如需将扬声器的声音记录到文件中，需创建一个声音文件

HRESULT open_file(LPCWSTR szFileName, HMMIO *phFile) {
    MMIOINFO mi = {0};

    *phFile = mmioOpen(
        // some flags cause mmioOpen write to this buffer
        // but not any that we're using
        const_cast<LPWSTR>(szFileName),
        &mi,
        MMIO_WRITE | MMIO_CREATE
    );

    if (NULL == *phFile) {
        ERR(L"mmioOpen(\"%ls\", ...) failed. wErrorRet == %u", szFileName, mi.wErrorRet);
        return E_FAIL;
    }

    return S_OK;
}

1.2 WASAPI(Windows Audio Stream API)

The Windows Audio Session API (WASAPI) enables client applications to manage the flow of audio data between the application and an audio endpoint device. Header files Audioclient.h and Audiopolicy.h define the WASAPI interfaces.

用于创建、管理进出音频端节点设备的音频流。

程序可通过audio engine，以共享模式访问audio endpoint device(比如麦克风或Speakers)。 audio engine在endpoint buffer和endpoint device之间传输数据。当播放音频数据时，程序向rendering endpoint buffer周期性写入数据。当采集音频数据时，程序从capture endpoint buffer周期性读取数据。

WASAPI 接口：

IAudioClient接口

创建管理音频数据流的对象

涉及的几个方法：

1）、Activate

要访问WASAPI接口，客户端首先通过调用IMMDevice :: Activate方法获取对音频终端设备的IAudioClient接口的引用。
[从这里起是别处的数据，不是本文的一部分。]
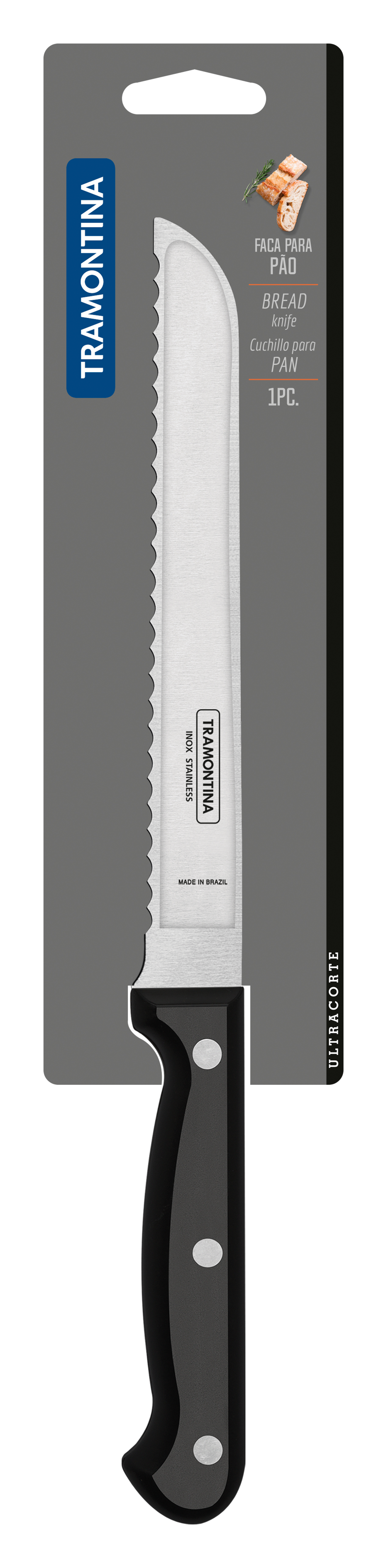Ruostumattomasta teräksestä valmistetun laadukkaan leipäveitsen sahalaitainen terä läpäisee kovakuorisenkin leivän. Tramontinan Ultracorte-sarjan veitsissä on antibakteerinen ja ergonominen kolmen alumiininastan kahva, joka on valmistettu kestävästä polypropeenista. Laadukkaiden keittiöveisten terä jatkuu saumattomasti kahvan läpi. Voidaan pestä astianpesukoneessa.
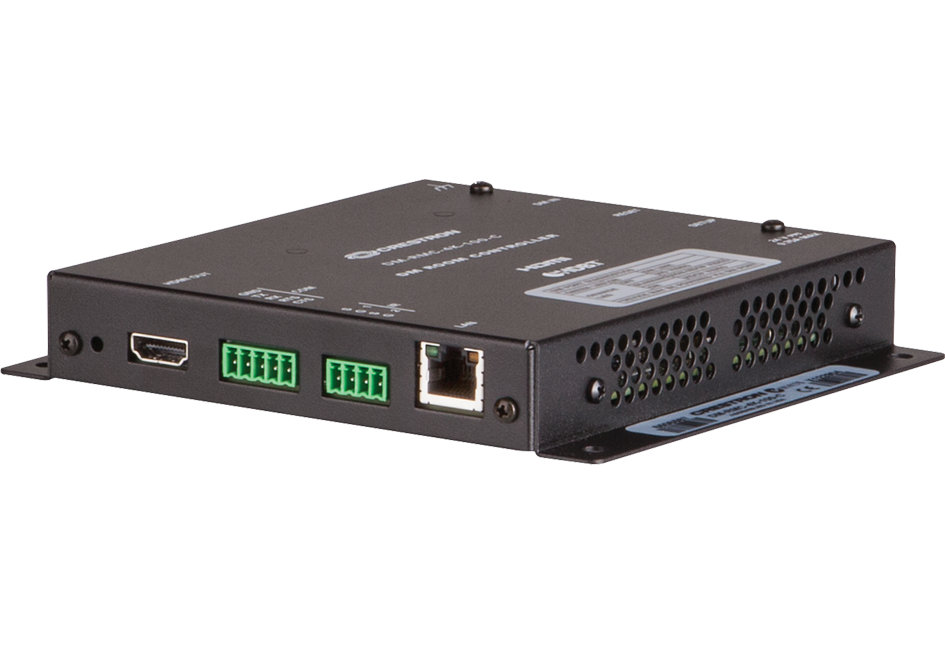The DM-RMC-4K-100-C includes built-in RS-232, IR, and Ethernet control ports to enable programmable control of the display device connected to it (via a control system). It also offers an alternative to such conventional control methods by harnessing the CEC (Consumer Electronics Control) signal embedded in HDMI. Through its connection to the control system, the DM-RMC-4K-100-C provides a gateway for controlling the display device right through the HDMI connection, potentially eliminating the need for any dedicated control wires or IR emitters.
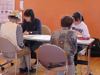 参加者に対して握力測定の結果を説明している 理学療法学科学生
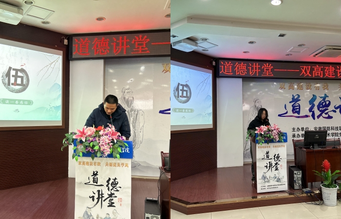 为全面落实立德树人根本任务,扎实推进“双高”建设,不断提升人才培养质量,进一步加强学风建设,在广大师生中营造创先争优的良好学风,12月20日下午,由校党委宣传部主办、电气技术学院承办的“双高建设有我 共创优良学风”道德讲堂在校图书馆报告厅隆重举行。电气技术学院院长李翔、皖西学院电气与光电工程学院团委书记冉旭、电气技术学院党总支副书记张丽、电气技术学院副院长江治国、皖西学院电气与光电工程学院团委副书记吕长勇、电气技术学院全体辅导员和全校近200名学生代表参加了此次活动。
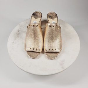 Jimmy Choo Rose Gold Leather Mules & Clogs with open round toe silhouette crafted in Italy from metallic rose gold-tone leather, and punctuated with gold studs that heighten the sense of glamor, while the mid-heel provides sturdy elevation for a comfortable fit. Size 38.5. Heels is around 2.5 inches.
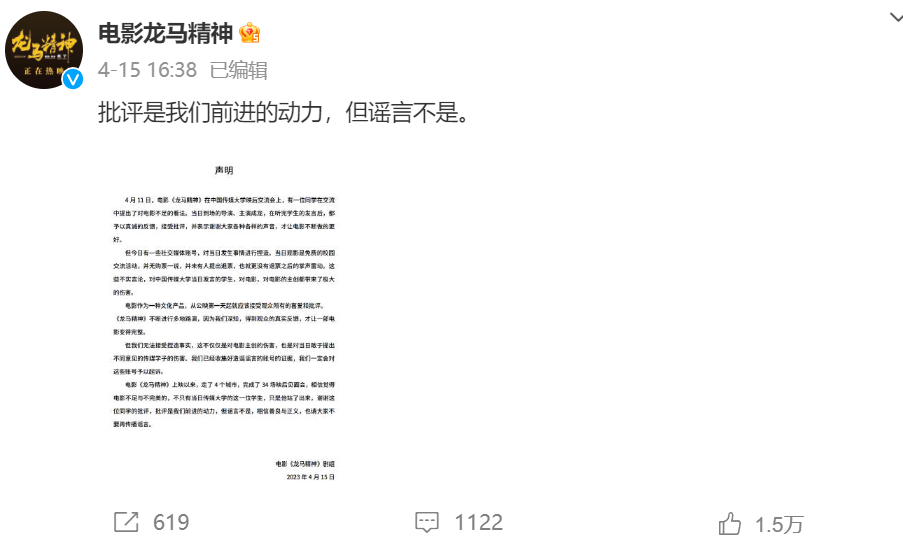 事情源起电影《龙马精神》,上映几天,话题不断。

IMMDevice::Activate来获取an audio endpoint device的IAudioClient interface引用。

// activate an IAudioClient
    IAudioClient *pAudioClient;
    hr = pMMDevice->Activate(
        __uuidof(IAudioClient),
        CLSCTX_ALL, NULL,
        (void**)&pAudioClient
    );

In Windows Vista, which supports endpoint devices, the process of connecting to the same endpoint device is much simpler:

Select a microphone from a collection of endpoint devices.
Activate an audio-capture interface on that microphone.

The operating system does all the work necessary to identify and enable the endpoint device. For example, if the data path from the microphone includes a multiplexer, the system automatically selects the microphone input to the multiplexer.

Windows Vista，以音频采集为例，连接到endpoint device就两步: (1) 从设备集合中选择一个麦克风。 (2) 用Activate激活该麦克风的音频采集接口。

IAudioClient        *pAudioClient   = NULL;
...
hr = pDevice->Activate(IID_IAudioClient, CLSCTX_ALL, NULL, (void**)&pAudioClient);

2) IAudioClient::GetDevicePeriod

The GetDevicePeriod method retrieves the length of the periodic interval separating successive processing passes by the audio engine on the data in the endpoint buffer.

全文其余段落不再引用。